The Voynich Manuscript
In 1912, a rare books dealer named Wilfrid Voynich enjoyed a dream discovery in the form of a 240-page vellum manuscript filled with letters, numbers, and symbols alongside vivid drawings of plants, nude women, and fantastical creatures. Now housed in Yale University’s Beinecke Library, the 15th-century codex has been carefully categorized into six sections — botanical, astronomical and astrological, biological, cosmological, pharmaceutical, and recipes — but otherwise remains indecipherable to those who’ve attempted to extract meaning from its passages. Researchers in recent years have suggested that the text is Semitic, and an Egyptologist claimed to have followed that scent to a breakthrough in 2020, though skeptics contend that the manuscript is just one big, elaborate hoax.
More Interesting Reads
The Enigma Machine
After the conclusion of World War I, the German military began laying the groundwork for future conflicts with the development of a typewriter-like contraption that generated an ever-changing system of encrypted messages. Said to have been named for Elgar’s Variations, the Enigma Machine enabled users to type in letters that wound through a series of interior rotors before spitting out different letters; the recipient of a coded missive would adjust his machine’s rotors to the same position, enabling him to read the original message.

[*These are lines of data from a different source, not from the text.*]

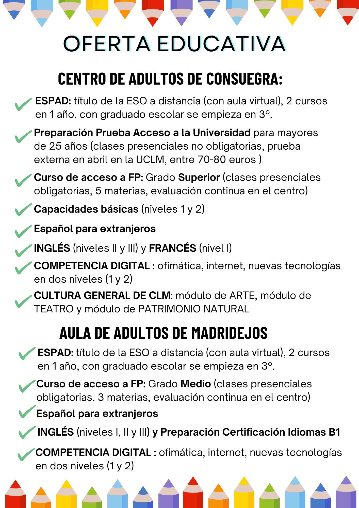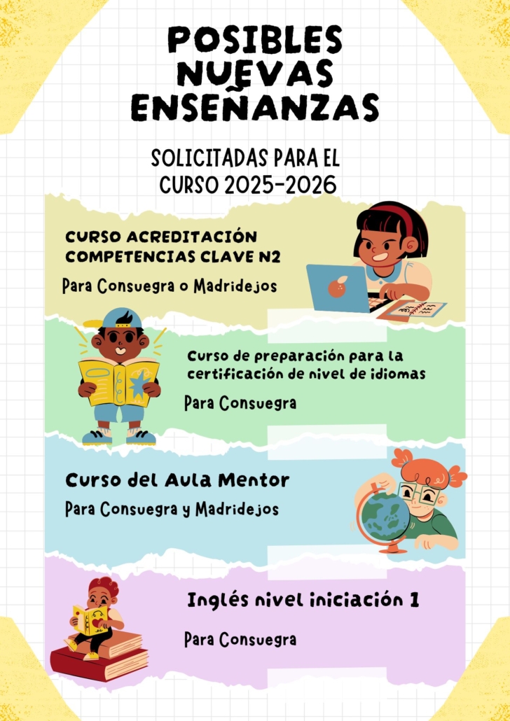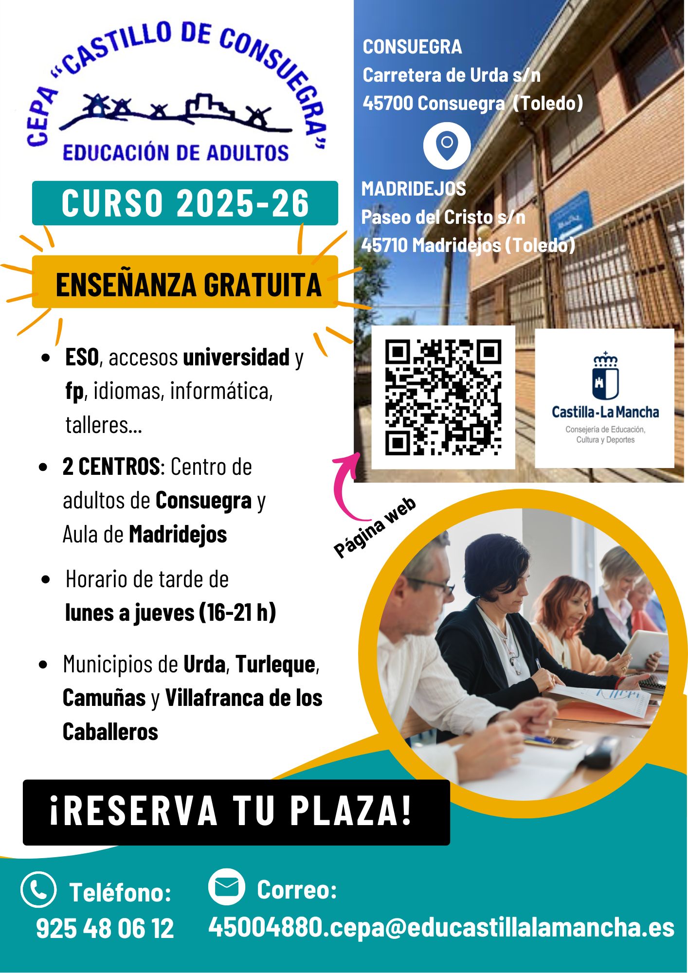Educación para personas adultas. Oferta educativa y formativa de CEPA Consuegra. Curso 2025/2026
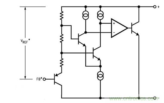 LM4041-N將VO到FB引腳上的電壓保持在1.24V,如圖4所示。電阻分壓器設置輸出直流電壓。RS提供LM4041-N和負載的電流。
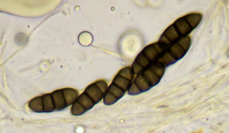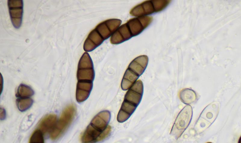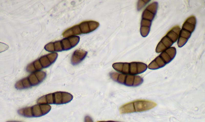 Ascospores : 14-18,5 x 5-6,5 µm, elliptiques, triseptées, rétrécies au niveau des cloisons, à pôles obtus ou aigus, brunes, lisses.
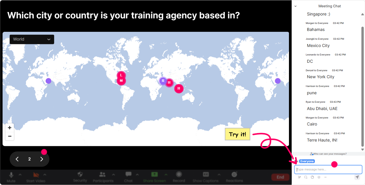 Regenerative Organizations is all about systems, communities, and local context-so a map opener fits perfectly. How to use it in your session: - Kick-off question (classic, always works): Where are you joining from today? - Then tie it to the content: Pick a place youve worked with (or served) where regeneration would matter most-what city/region is it? - Or make it future-focused: If your organization could regenerate one community on earth, where would you start? Why it boosts engagement: everyone has a location, the map fills up fast, and you instantly get a sense of the real-world contexts people are coming from. Bonus: if youre training multiple client teams, youll literally see clusters and can call them out (e.g., Wow, big group from Manila-tell me what challenges youre seeing there).

Of course, one good encryption machine deserves another, and British mathematician Alan Turning managed to automate his code-breaking techniques into what became known as the Bombe, helping the Allied forces decipher crucial messages during World War II.
The Copiale Cipher
Like the Voynich Manuscript, the Copiale Cipher is a centuries-old book filled with unusual writing, symbols, and diagrams, but this one at least has proven to be a repository of legitimate, albeit still mysterious, information. Going on the assumption that its language was German-based, a University of Southern California machine-translation expert dove into the 75,000-character text and determined that its Roman characters stood for spaces and that symbols with similar shapes represented the same letter. With help from two European academics, who helped refine crucial areas of translation, the 105-page book was revealed in 2011 to be the work of an 18th-century secret society, opening a window into one of the underground orders that populated the Western world during the Age of Enlightenment.
The 340 Cipher
The Zodiac Killer earned a place in pop culture lore for murdering at least five people in the San Francisco Bay area in the late 1960s, and for the encoded messages he sent out to thumb his nose at authorities. While he was never (knowingly) captured, a team of three amateur sleuths at least solved one aspect of the mystery in late 2020 by cracking a 340-character cipher of letters and symbols mailed to the San Francisco Chronicle 51 years earlier. Using a computer program to run through 650,000 possible combinations, the team eventually found legible words by splitting the message into three parts and reading the letters diagonally, the results corresponding to other messages from the author. Two other ciphers attributed to the Zodiac Killer remain unsolved, and while some claim to have unveiled the words within, these messages are considered too short to produce verifiable answers.